Giovana (foto acima)

"Dois meses depois do início da quarentena, no final de maio, meu marido não acordou muito bem. Saiu para o trabalho e comentou comigo que iria fazer o exame de covid-19. Ele trabalha como auxiliar de enfermagem em dois hospitais e, em um deles, na UTI de infectados por coronavírus. Na hora do almoço, ele me ligou avisando que testou positivo. Respirei fundo, fiquei com muito medo. Liguei para o meu filho mais velho, de 15 anos, para contar. Disse, chorando, que iríamos ficar um tempo longe e que era para ele ir arrumando as coisas dele e do irmãozinho, de sete anos. Decidimos que eles ficariam com a minha mãe. Soube no mesmo dia que minha tia e madrinha, de quem sou muito próxima, tinha morrido de coronavírus. Nem sabíamos que ela estava doente. Depois, soube que foi para o hospital naquela madrugada, sentindo cansaço e falta de ar, e não resistiu. Fui ao sepultamento às pressas. Meu padrinho chorava e dizia: 'Deixa eu ver minha neguinha'. Era um casamento de quase 50 anos. A perda dela nos abalou profundamente."

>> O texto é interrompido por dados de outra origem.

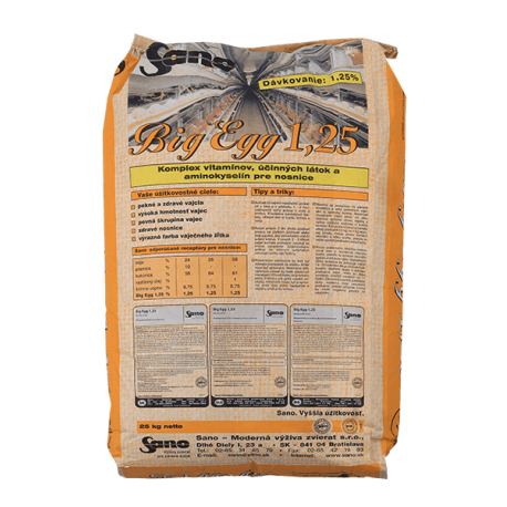 Big Egg 1,25®– prémiová doplnková kŕmna zmes pre nosnice, ktorá podporuje vysokú znášku, pevnú škrupinu a intenzívnu farbu žĺtka. Obsahuje fytázu, vitamín E, selén a biotín pre zdravie, imunitu a lesklé operenie. Zabezpečuje optimálne využitie živín a dlhodobú produktivitu sliepok.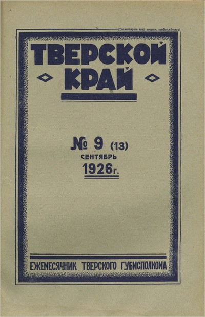 Тверской край : ежемесячный журнал Тверского губернского исполнительного комитета, № 9 (13). Сентябрь 1926 г. / Тверской губернский исполнительный комитет. - Тверь : Тверская ОУНБ, 2026- . – Текст (визуальный) : электронный. - Загл. с экрана.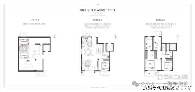 上叠:实现 2+1房2卫 设计,长辈房位于三层、配卫生间,规避上下楼梯的麻烦。 南向阳台与餐客厅一线贯通 ,享受充沛阳光。 四层豪华主卧、北侧连接露台, 空中露台及顶层阳光平台,可量身定制成一方幸福天地。

Elaine Alves da Silva, 38, analista de departamento pessoal

Carine Wallauer/UOL

"A quarentena impossibilita a gente de se distrair. Se eu estiver sofrendo por algo, não dá para ir para o bar, não tem festa, não tem casa de amigo. Eu tinha terminado um relacionamento e fiquei tentando entender por que terminou. Percebi que me sentia sozinha, mesmo numa relação. Comecei a me questionar sobre repetir tipos de relação porque essa última história se assemelhava a muitas outras que eu tive. Com dois meses de quarentena, outra coisa me incomodou: tanta gente postando o quadrado preto do movimento Black Lives Matter depois do assassinato do George Floyd nos Estados Unidos [a morte de Floyd, homem negro morto por um policial branco, desencadeou atos antirracismo por todo o mundo]. Eu acho sintomático que o Brasil olhe para as questões raciais quando algo acontece fora. Há Floyds morrendo todos os dias. Para quem faz parte da militância antirracista e para quem vive nas regiões periféricas, o assassinato da população negra não é novidade, é realidade. Não sei se daqui a três meses as pessoas vão continuar indignadas se um menino negro for assassinado."

Mayana (foto acima)

Carine Wallauer/UOL

"No começo de junho, sentia cansaço, dor para respirar e febre. Fiz o exame para covid-19 e deu positivo. A primeira coisa que fiz foi ligar para o meu filho. Pedi que ele me prometesse que, caso eu tivesse uma piora, iria cuidar do irmão, proteger e nunca se separar dele. Depois pedi que não falasse nada para minha mãe. Ela já estava sofrendo demais por minha madrinha, irmã dela. Fiquei de repouso em casa e passou. Agora estou 100%, mas o exame ainda acusa que tenho o vírus. Quando isso vai acabar, eu não sei, mas vai. Quero fazer três coisas assim que puder sair de casa: sentir o cheiro dos meus filhos, abraçar meus irmãos e ir a um bom samba. Quero ficar no samba até o dia amanhecer."

Elaine (foto acima)

"Até hoje não me adaptei à quarentena. Manter a organização de três filhos, assistir às aulas, porque eles precisam de ajuda, não é fácil. Ainda tenho que cozinhar e cuidar da casa. Quando abro o delivery da hamburgueria, às 18h, estou lavando a louça do jantar e fazendo os sanduíches ao mesmo tempo. Às vezes, recebo pedidos grandes de marmita e acabo virando a noite cozinhando para conseguir entregar dentro do prazo. Só queria que isso acabasse, que eu retomasse meu negócio, voltasse a ter contato com meus clientes. Tenho escutado muito uma música cantada pelo Diogo Nogueira que se chama 'Clareou'. Tem um trecho que diz: 'Levante a cabeça, amigo, a vida não é tão ruim / Um dia, a gente perde, mas nem sempre o jogo é assim / Mantenha a fé na crença se a ciência não curar / Pois, se não tem remédio, então remediado está'."